Côté diffusion, l'éditrice gère tout elle-même, avec le concours de ses auteurs. Si les salons du livre, les réseaux sociaux et les plateformes en ligne génèrent le plus de ventes, ses titres sont également référencés dans quelques librairies : « En fait, dans quatre librairies en région et quelques-unes en France. Le travail de diffusion, physique tout au moins, est éprouvant. On n'est jamais sûr de l'accueil des libraires, et si tous les retours sont intéressants, c'est parfois compliqué de faire des centaines de kilomètres pour deux minutes d'entretien…  Au moins, le numérique et ses outils nous offrent une surface de surdiffusion plus large et permet de capter les communautés. »

Pour gagner un peu de temps, Florence vient de se rapprocher d'Hachette pour la distribution : « J'ai fait le choix du service sans retour possible. Je sais que pour les librairies c'est compliqué de s'engager sur des achats fermes, mais c'est impossible pour moi, dans mon économie actuelle, de jouer le jeu des 40 % de taux de retour. »


Animer pour exister

Depuis, tous ses week-ends sont dédiés aux salons, à l'organisation de tournées d'auteurs et au développement d'autres formes d'animations. Florence cherche toujours à intégrer des manifestations plus importantes : « C'est nécessaire pour mes auteurs. Sur les salons, dès que nos livres sont visibles, on les vend très bien. » 

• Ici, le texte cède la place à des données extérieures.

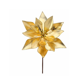 24" Retro Poinsettia Stem W/Jingle Bells (Gold)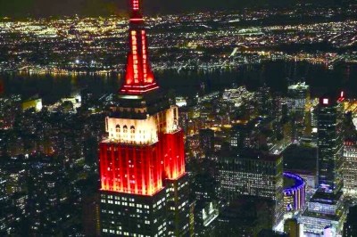 为迎接农历羊年的到来,2月17日、18日,纽约帝国大厦顶部亮起名为《华彩中国》的灯光装置,点亮象征中国的“红—金”彩灯。同时,帝国大厦一楼大厅推出以“三羊(阳)开泰”为主题的橱窗展,将中国人民期盼家庭团圆、生活幸福、万象更新的美好意愿传递给世界。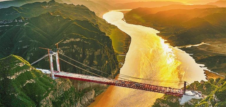 7月31日,河南省济新黄河大桥全桥贯通。该桥是世界首座地锚式回转缆悬索桥,是济新高速公路重点控制性工程,全长1688.5米,主跨555米。刘玉才摄(中经视觉)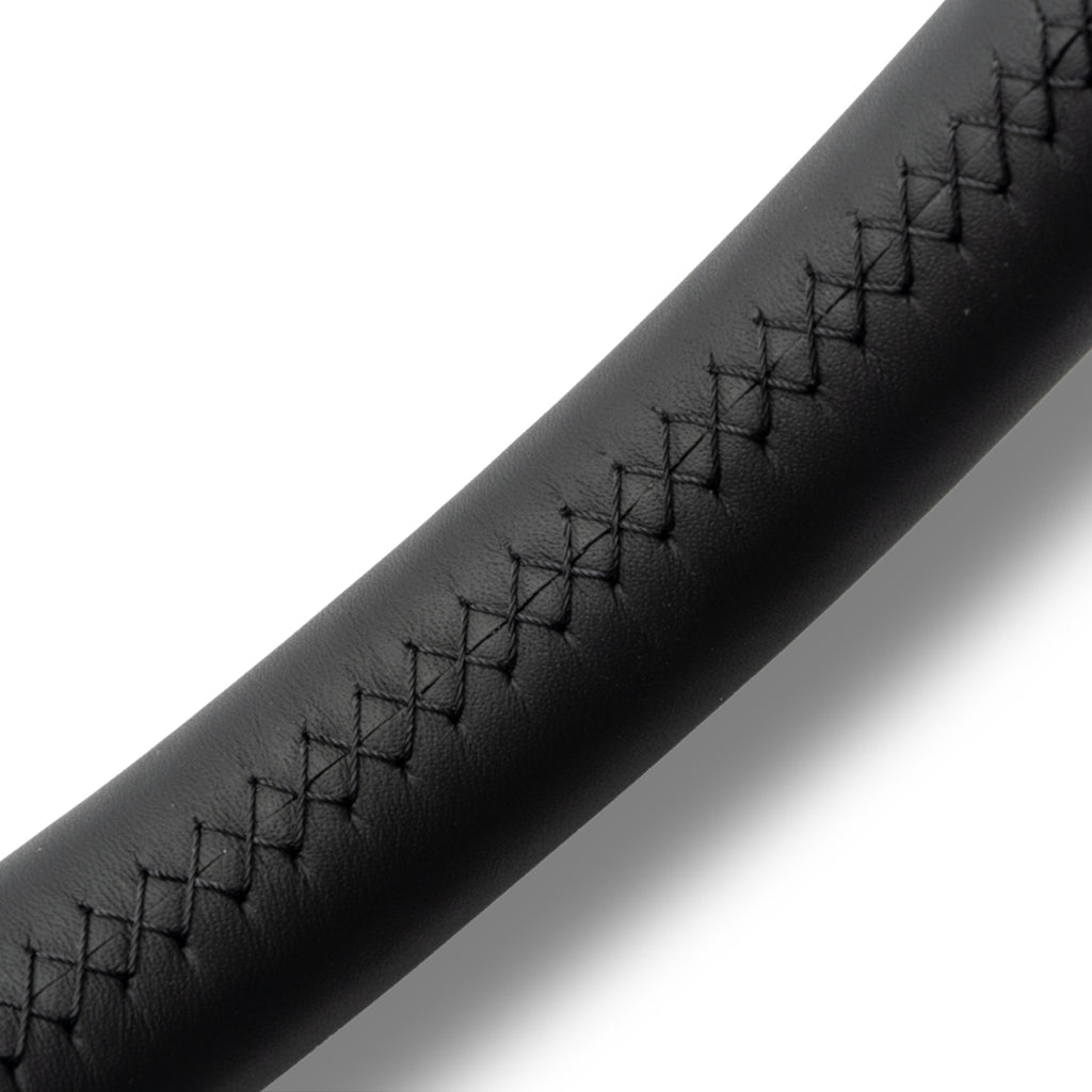 Prototipo Black Edition is the most iconic Momo steering wheel, now offered with a completely new look and finishes: matt black horn button with glossy black logo, exclusive “Prototipo Black Edition” glossy black marking on the lower spoke, Premium leather grip with hand made black cross stitching.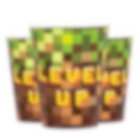 8 quadratische Pappteller mit coolem Pixelmotiv und dem Text Level Up. Die Teller bestehen aus FSC-zertifiziertem Papier und sind 23 x 23 cm groß.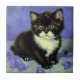 Tile featuring a tuxedo kitten in the style of Vincent van Gogh! This pretty kitty poses with purple flowers. A superb gift for cat lovers and Dutch art collectors!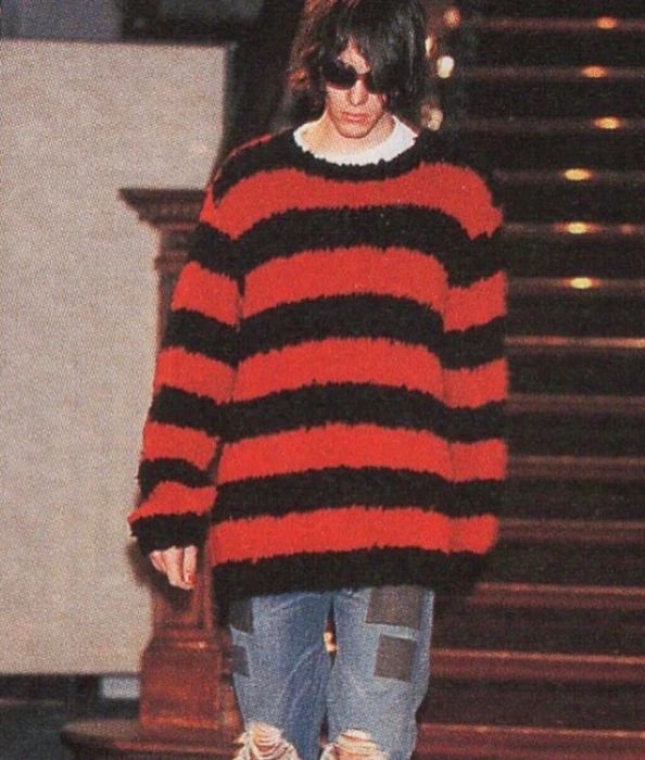 Avant que l'image de Michèle Lamy, l'avocate préférée de l'industrie de la mode et muse de Rick Owens, portant le pull à rayures noires et rouges de la collection SS23 de Heaven by Marc Jacobs, ne devienne virale dans une boucle infinie de partages sociaux, nous avions presque oublié le charme magnétique d'un vêtement qui non seulement a marqué l'histoire de la mode, mais aussi celle de la musique. L'uniforme de Freddy Krueger dans Nightmare, le pull chéri de Kurt Cobain, une inspiration, dans son design essentiel, pour des stylistes de renom tels que Hedi Slimane et Takahiro Miyashita : le pull distinctif en mohair est apparu à plusieurs reprises au cours des décennies passées, devenant ainsi le symbole de cette esthétique grunge et décontractée typique des années 90, de Seattle, de Portland, de la musique jouée dans les sous-sols, avec des guitares désaccordées. Mais ce qui rend ce mythe encore plus grand, ce sont les circonstances étranges qui l'ont rendu célèbre.

Pour mieux se faire connaître, elle a également mis en place un concours de nouvelles : « Nous lançons chaque année un thème pour le concours. En 2019, c'était "L'école du futur". Nous recevons de nombreuses contributions que le comité de lecture se régale à lire. Nous publions ensuite un recueil de nouvelles que nous diffusons. »  

Florence propose aussi aux écoles un concours annuel de booktrailer* d'un livre de son catalogue. Un prix est remis à Marseille aux gagnants. « Cela nous aide à développer de nouveaux partenariats. Les profs nous disent que cela leur permet de connaître différemment leurs élèves. Il y a des établissements de toute la France qui y participent ! »


* Film de présentation d'un livre.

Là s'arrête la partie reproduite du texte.